• [About this task]: Produce as output only the lines below starting at the line with "Ширина Зямоугольника 16" and continuing through the line with "Charming home situated", each one exactly as written.

• [Data shown]:
⁂
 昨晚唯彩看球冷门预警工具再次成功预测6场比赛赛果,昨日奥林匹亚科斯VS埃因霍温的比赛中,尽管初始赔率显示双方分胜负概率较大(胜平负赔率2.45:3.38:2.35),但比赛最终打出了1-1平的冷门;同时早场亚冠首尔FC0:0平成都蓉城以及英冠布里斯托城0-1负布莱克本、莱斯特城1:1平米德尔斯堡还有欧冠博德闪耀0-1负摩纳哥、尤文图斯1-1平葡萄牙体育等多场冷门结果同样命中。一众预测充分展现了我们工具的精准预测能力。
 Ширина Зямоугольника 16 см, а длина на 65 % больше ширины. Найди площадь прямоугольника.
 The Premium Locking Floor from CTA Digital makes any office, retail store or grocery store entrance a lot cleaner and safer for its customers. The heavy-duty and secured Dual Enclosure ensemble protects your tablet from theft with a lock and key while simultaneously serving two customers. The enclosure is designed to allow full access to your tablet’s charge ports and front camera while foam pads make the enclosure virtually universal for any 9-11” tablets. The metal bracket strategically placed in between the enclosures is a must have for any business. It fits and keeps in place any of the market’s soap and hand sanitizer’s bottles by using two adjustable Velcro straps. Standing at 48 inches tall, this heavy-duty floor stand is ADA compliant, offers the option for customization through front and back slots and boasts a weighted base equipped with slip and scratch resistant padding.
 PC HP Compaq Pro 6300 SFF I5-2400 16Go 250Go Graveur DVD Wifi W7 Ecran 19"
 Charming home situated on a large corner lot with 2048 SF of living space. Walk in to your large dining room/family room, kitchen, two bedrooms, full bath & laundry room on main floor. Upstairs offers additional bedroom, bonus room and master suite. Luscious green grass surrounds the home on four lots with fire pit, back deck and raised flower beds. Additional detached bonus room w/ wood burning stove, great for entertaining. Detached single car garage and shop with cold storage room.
⁂
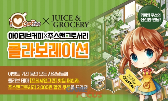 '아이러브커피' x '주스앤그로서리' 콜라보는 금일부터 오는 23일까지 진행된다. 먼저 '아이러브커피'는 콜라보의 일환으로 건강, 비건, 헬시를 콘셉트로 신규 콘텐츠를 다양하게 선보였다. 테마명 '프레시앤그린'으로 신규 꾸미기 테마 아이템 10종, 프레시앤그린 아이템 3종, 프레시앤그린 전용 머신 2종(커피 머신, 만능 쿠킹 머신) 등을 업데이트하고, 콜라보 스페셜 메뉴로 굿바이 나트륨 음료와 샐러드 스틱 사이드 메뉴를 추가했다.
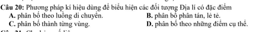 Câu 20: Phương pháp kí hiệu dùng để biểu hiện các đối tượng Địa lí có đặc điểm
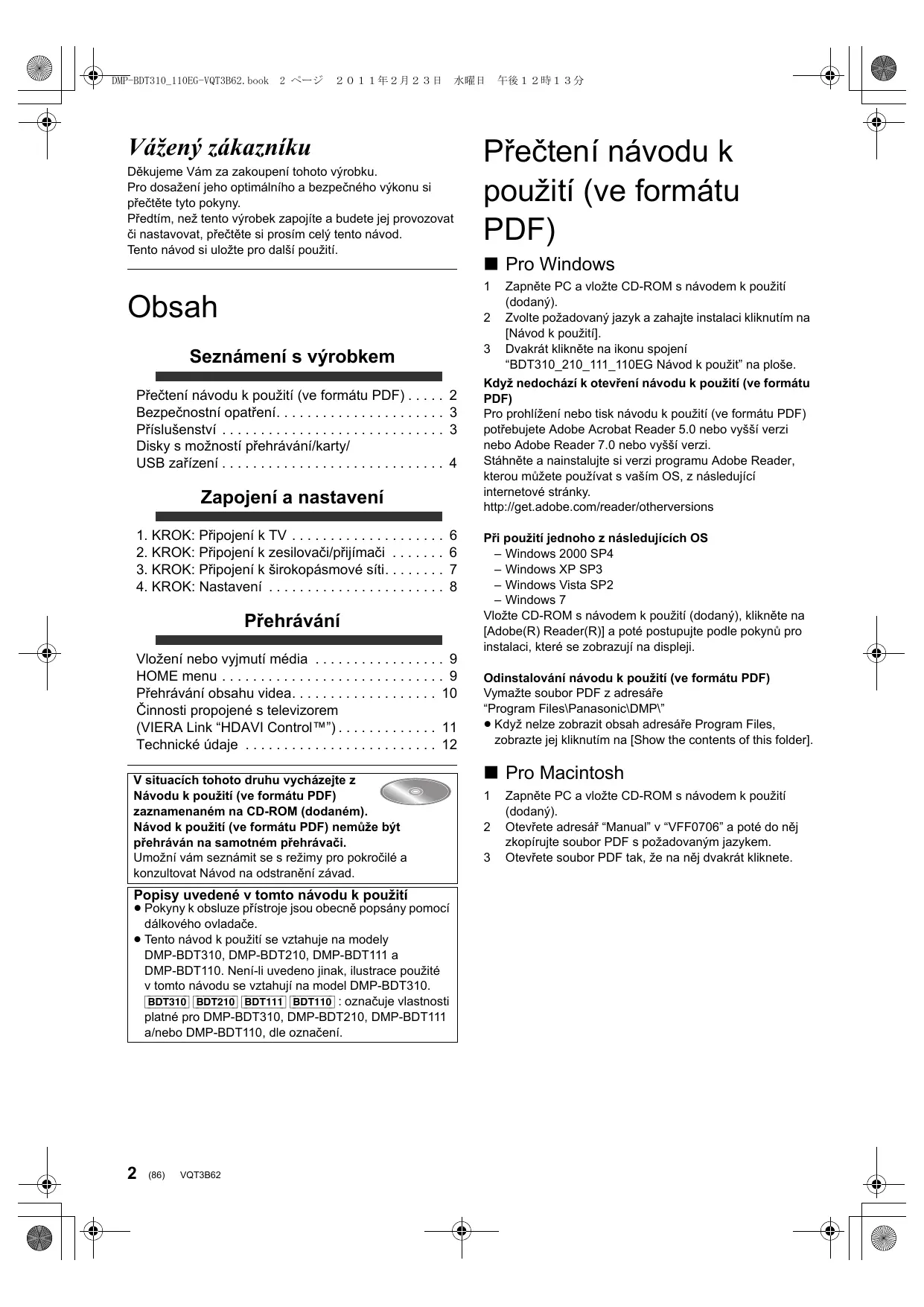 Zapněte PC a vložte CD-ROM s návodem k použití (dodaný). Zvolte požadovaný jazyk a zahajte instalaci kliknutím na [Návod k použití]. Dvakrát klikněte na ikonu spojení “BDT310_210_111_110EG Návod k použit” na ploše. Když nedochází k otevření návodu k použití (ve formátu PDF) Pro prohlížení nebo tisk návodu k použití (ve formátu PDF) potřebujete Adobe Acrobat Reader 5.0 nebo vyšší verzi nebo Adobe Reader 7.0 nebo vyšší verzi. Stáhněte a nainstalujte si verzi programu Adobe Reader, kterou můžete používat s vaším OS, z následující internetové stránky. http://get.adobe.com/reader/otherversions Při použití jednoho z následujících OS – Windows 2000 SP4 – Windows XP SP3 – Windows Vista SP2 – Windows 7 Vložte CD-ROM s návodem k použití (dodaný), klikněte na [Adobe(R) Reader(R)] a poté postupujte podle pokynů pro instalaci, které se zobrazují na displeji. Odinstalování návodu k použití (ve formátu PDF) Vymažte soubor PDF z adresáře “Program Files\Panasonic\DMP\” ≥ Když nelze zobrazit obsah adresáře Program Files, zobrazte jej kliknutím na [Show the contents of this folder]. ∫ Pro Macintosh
⁂
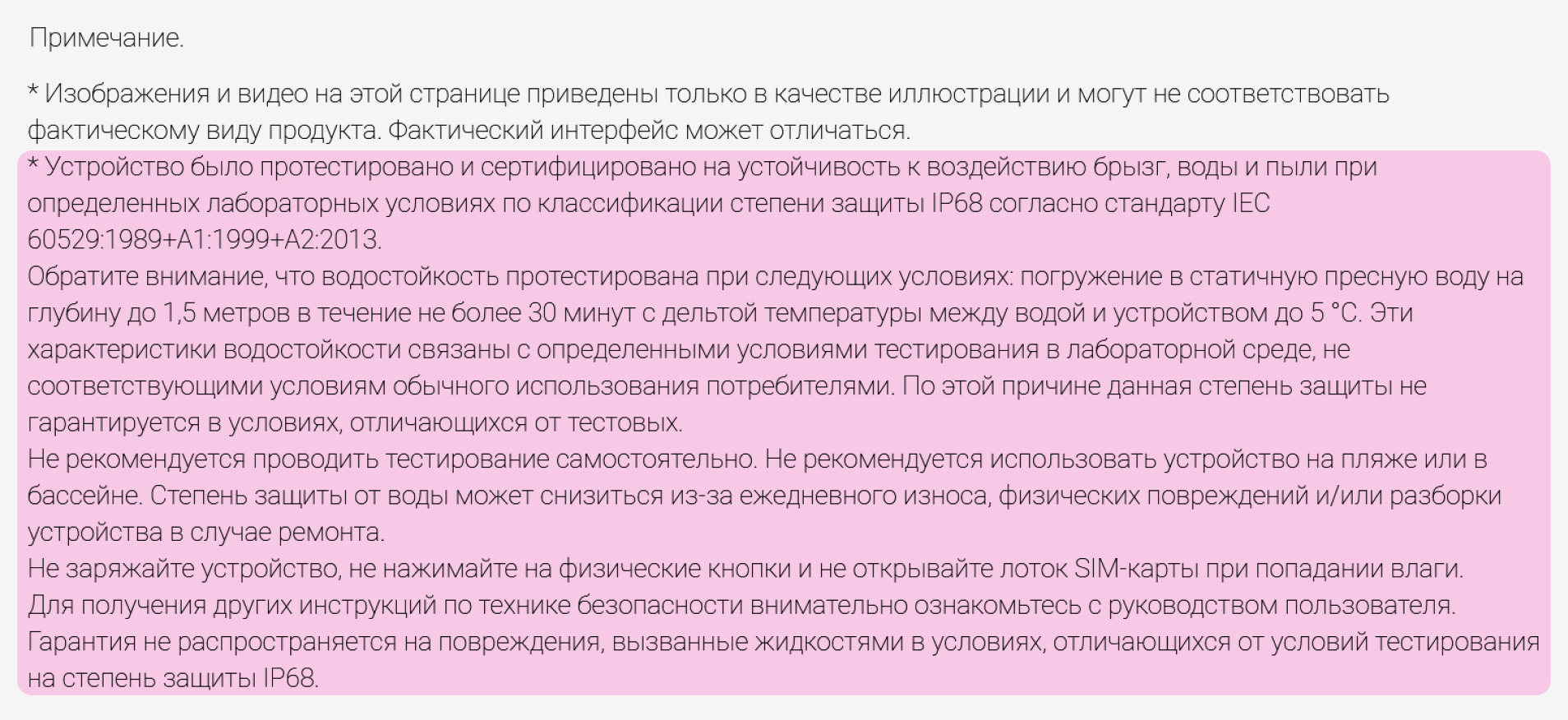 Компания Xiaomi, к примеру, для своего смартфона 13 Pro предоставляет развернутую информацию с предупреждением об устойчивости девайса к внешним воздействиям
⁂
• [Task output]:
 Ширина Зямоугольника 16 см, а длина на 65 % больше ширины. Найди площадь прямоугольника.
 The Premium Locking Floor from CTA Digital makes any office, retail store or grocery store entrance a lot cleaner and safer for its customers. The heavy-duty and secured Dual Enclosure ensemble protects your tablet from theft with a lock and key while simultaneously serving two customers. The enclosure is designed to allow full access to your tablet’s charge ports and front camera while foam pads make the enclosure virtually universal for any 9-11” tablets. The metal bracket strategically placed in between the enclosures is a must have for any business. It fits and keeps in place any of the market’s soap and hand sanitizer’s bottles by using two adjustable Velcro straps. Standing at 48 inches tall, this heavy-duty floor stand is ADA compliant, offers the option for customization through front and back slots and boasts a weighted base equipped with slip and scratch resistant padding.
 PC HP Compaq Pro 6300 SFF I5-2400 16Go 250Go Graveur DVD Wifi W7 Ecran 19"
 Charming home situated on a large corner lot with 2048 SF of living space. Walk in to your large dining room/family room, kitchen, two bedrooms, full bath & laundry room on main floor. Upstairs offers additional bedroom, bonus room and master suite. Luscious green grass surrounds the home on four lots with fire pit, back deck and raised flower beds. Additional detached bonus room w/ wood burning stove, great for entertaining. Detached single car garage and shop with cold storage room.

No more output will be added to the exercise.